* _INSTRUCTIONS FOR THE TASK_
Write out, word for word and with no pictures, each line below from the one containing "Mohammed; the Minister" through the one containing "中新社發(fā) 賈國(guó)榮 攝", both included, and no other line.

Collected data entries
○ ○ ○
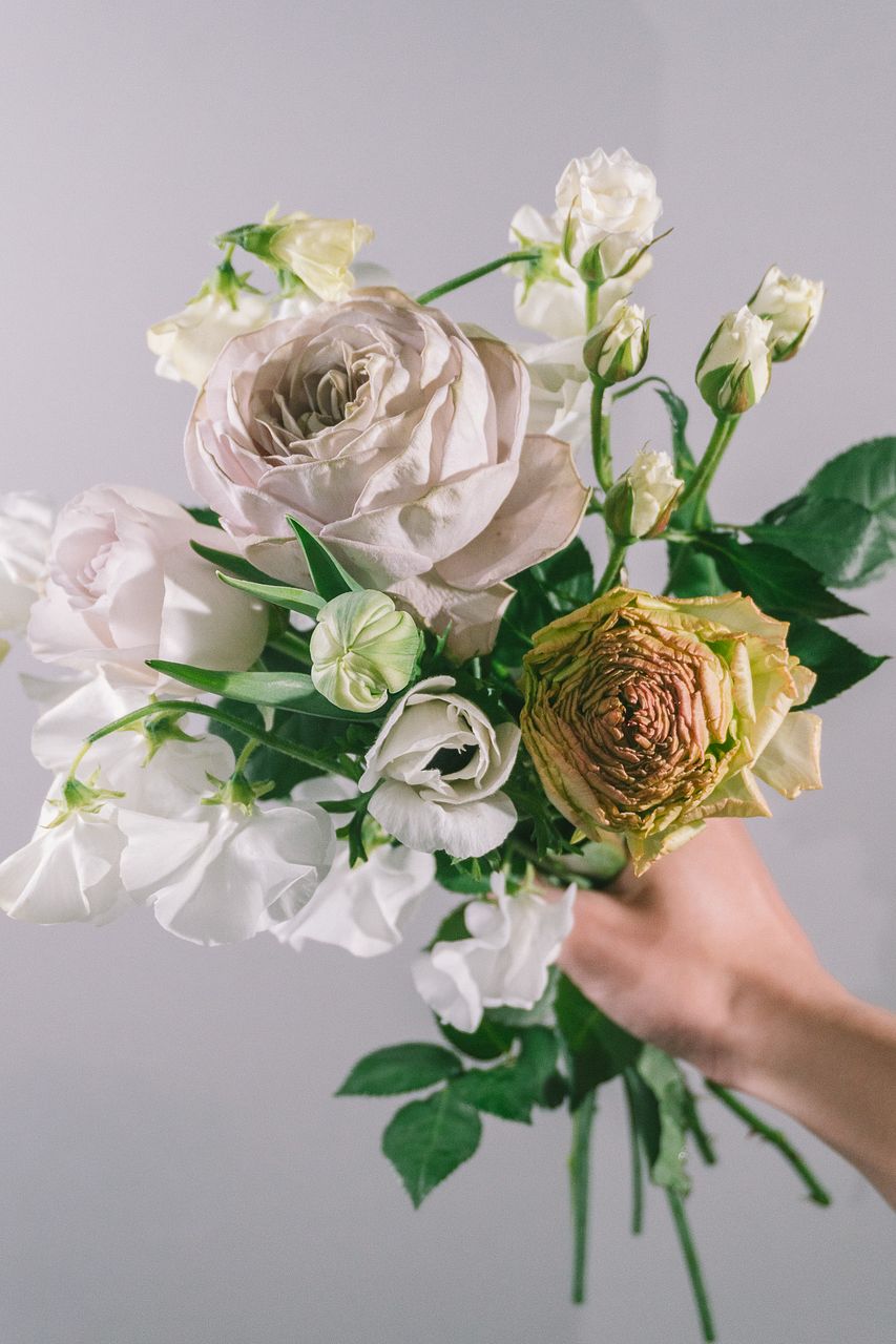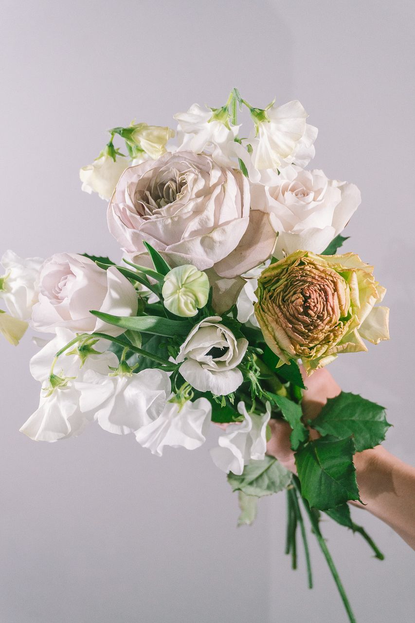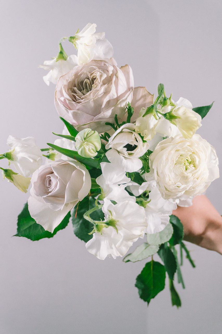 希少なグレーのバラを主役に、ホワイトカラーの「アネモネ」や「ラナンキュラス」「スイートピー」など春の花々を組み合わせたブーケ💐
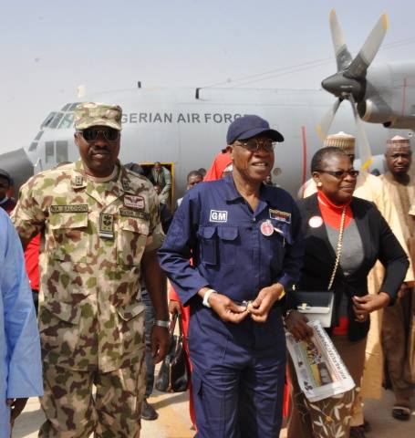 Mohammed; the Minister of Defence, Brig-Gen. Mansur Dan-Alli (rtd); the convener of the Bring Back Our Girls (BBOG) group, Mrs Obiageli Ezekwesili; as well as selected local and foreign journalists, participated in the search mission.
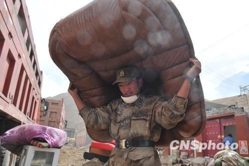 蘭州軍區(qū)救援部隊(duì)士兵幫助玉樹(shù)地震災(zāi)區(qū)藏族民眾從危房里搬運(yùn)出沙發(fā),轉(zhuǎn)移到救災(zāi)帳篷。從4月25日開(kāi)始,災(zāi)區(qū)搜救生命的第一階段結(jié)束,轉(zhuǎn)入安置群眾和災(zāi)后重建。 中新社發(fā) 賈國(guó)榮 攝
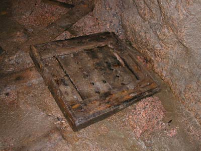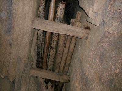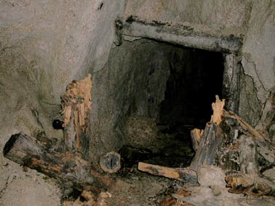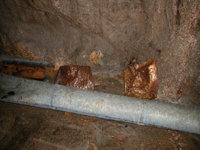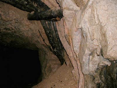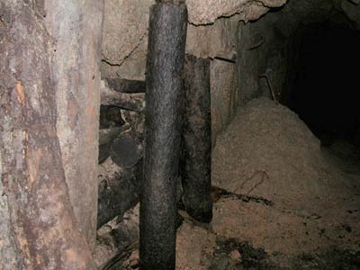 As you pass by 600' you can see some timbers going up the wall and over your head. I may be wrong but these do not look like they are there to hold up the tunnel at this point but rather they look like they are there to divert dirt and rocks to the side of the tunnel. In fact you can see a collection of dirt on the bottom of this one.
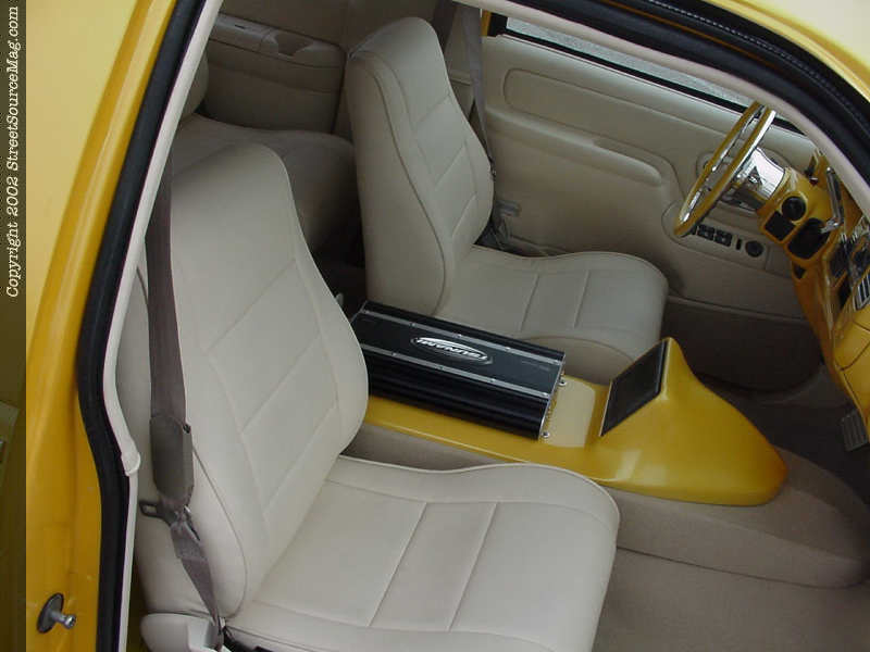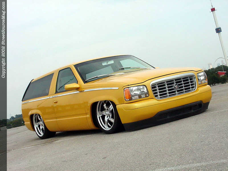 With the newfound low, the rear floor section was cut and raised 7 inches so the gas tank could be raise and the Tahoe could sit a little lower. With a nice added touch, they would install three train horns to make sure everyone knew you were coming.  It was now time to work miracles with the interior. Starting with the Dash, it would be smoothed out and painted to match the exterior along with having the headliner wrapped in tweed along with the floor of the Tahoe.
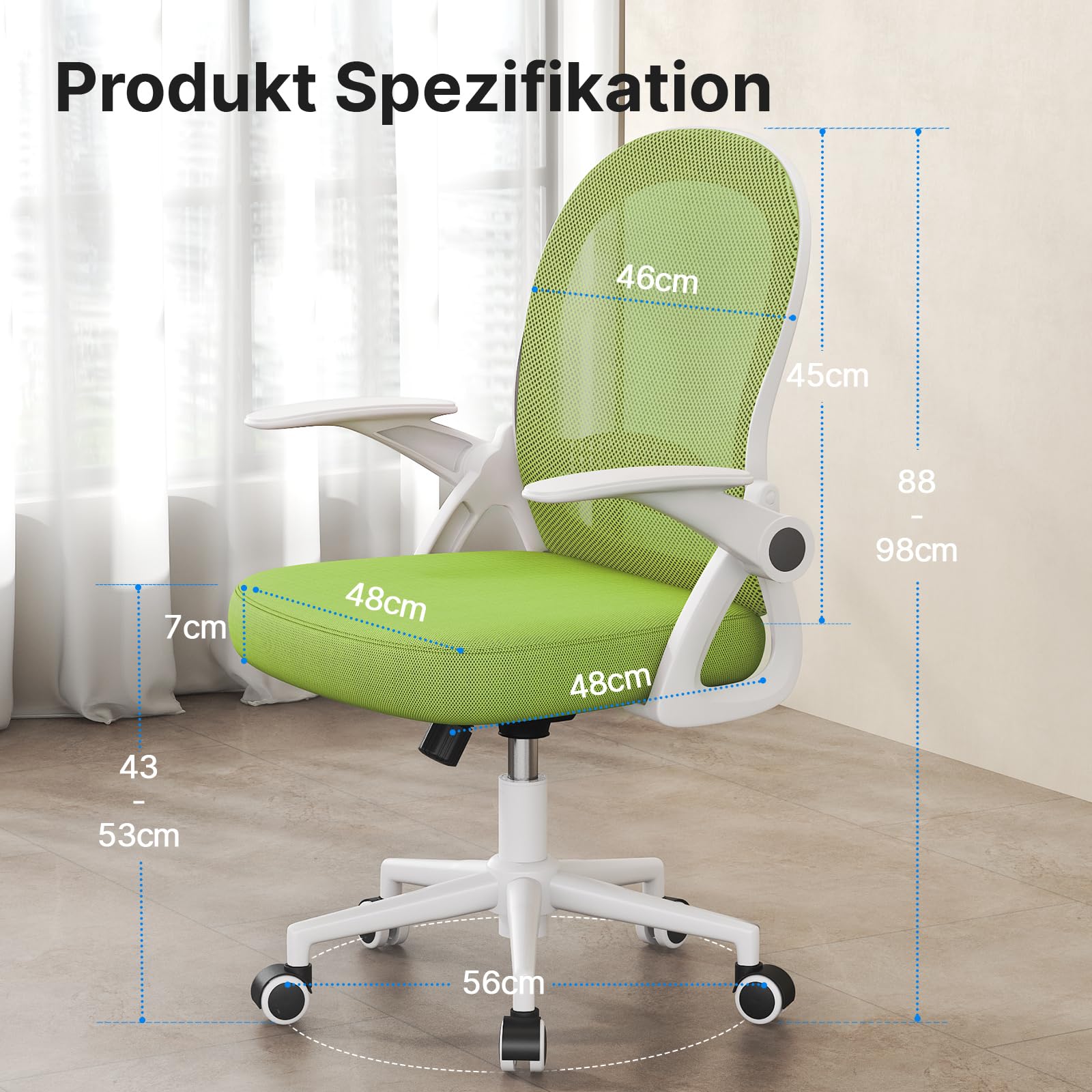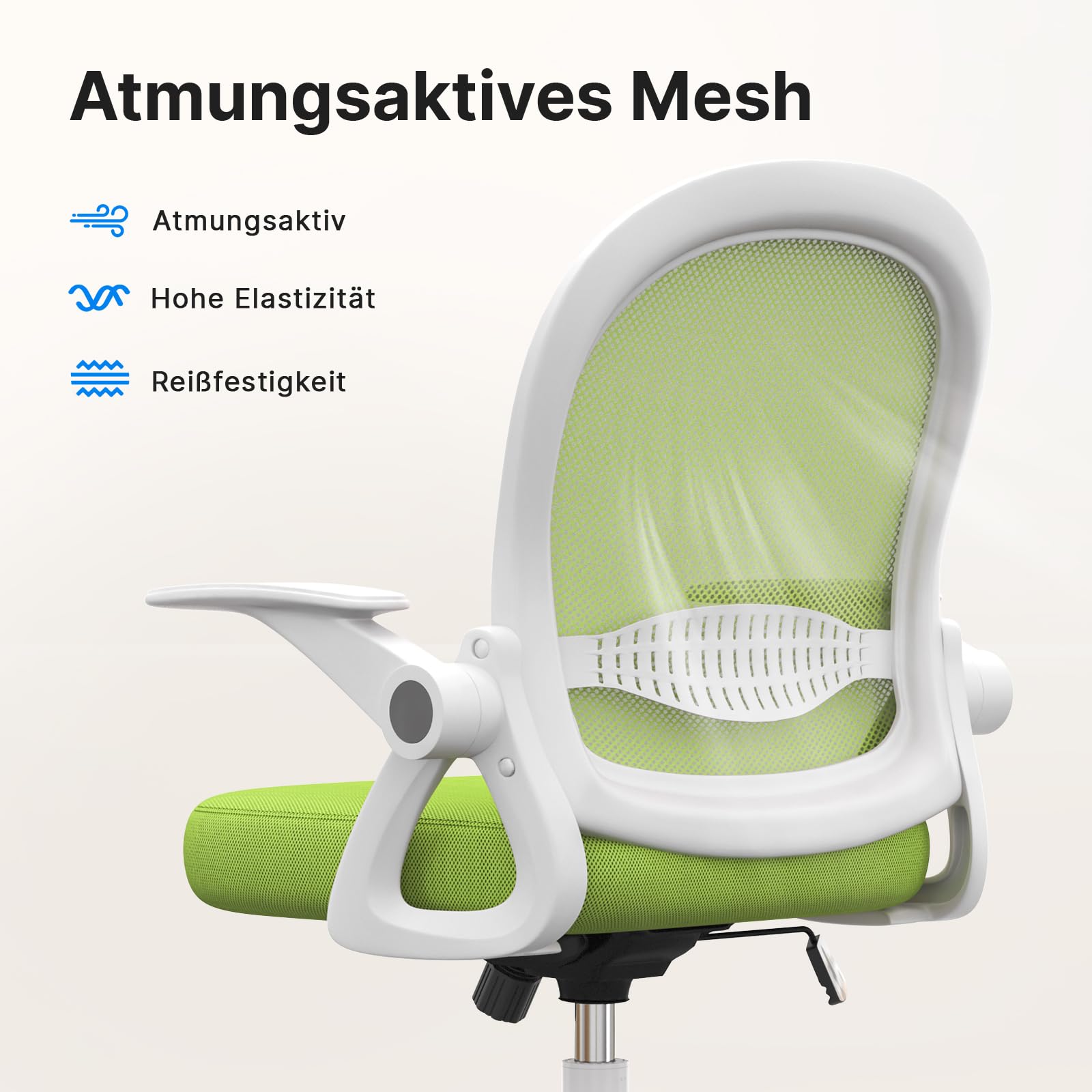 naspaluro Bürostuhl, Ergonomischer Schreibtischstuhl mit Atmungsaktiv Netzbespannung, Hochklappbare Armlehnen, Höhenverstellbarer, Computerstuhl, Leichter Stuhl, 360° Drehstuhl, Grün
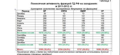 Отделом по информационно-аналитической работе и проведению выборных кампаний подготовлен анализ (по материалам стенограмм заседания Государственной Думы Федерального Собрания Российской Федерации) активности депутатов на парламентских заседаниях в целом за весеннюю и осеннюю сессию 2012 года.
○ ○ ○
* _RESULT FOR THIS EXERCISE_
 Mohammed; the Minister of Defence, Brig-Gen. Mansur Dan-Alli (rtd); the convener of the Bring Back Our Girls (BBOG) group, Mrs Obiageli Ezekwesili; as well as selected local and foreign journalists, participated in the search mission.
 蘭州軍區(qū)救援部隊(duì)士兵幫助玉樹(shù)地震災(zāi)區(qū)藏族民眾從危房里搬運(yùn)出沙發(fā),轉(zhuǎn)移到救災(zāi)帳篷。從4月25日開(kāi)始,災(zāi)區(qū)搜救生命的第一階段結(jié)束,轉(zhuǎn)入安置群眾和災(zāi)后重建。 中新社發(fā) 賈國(guó)榮 攝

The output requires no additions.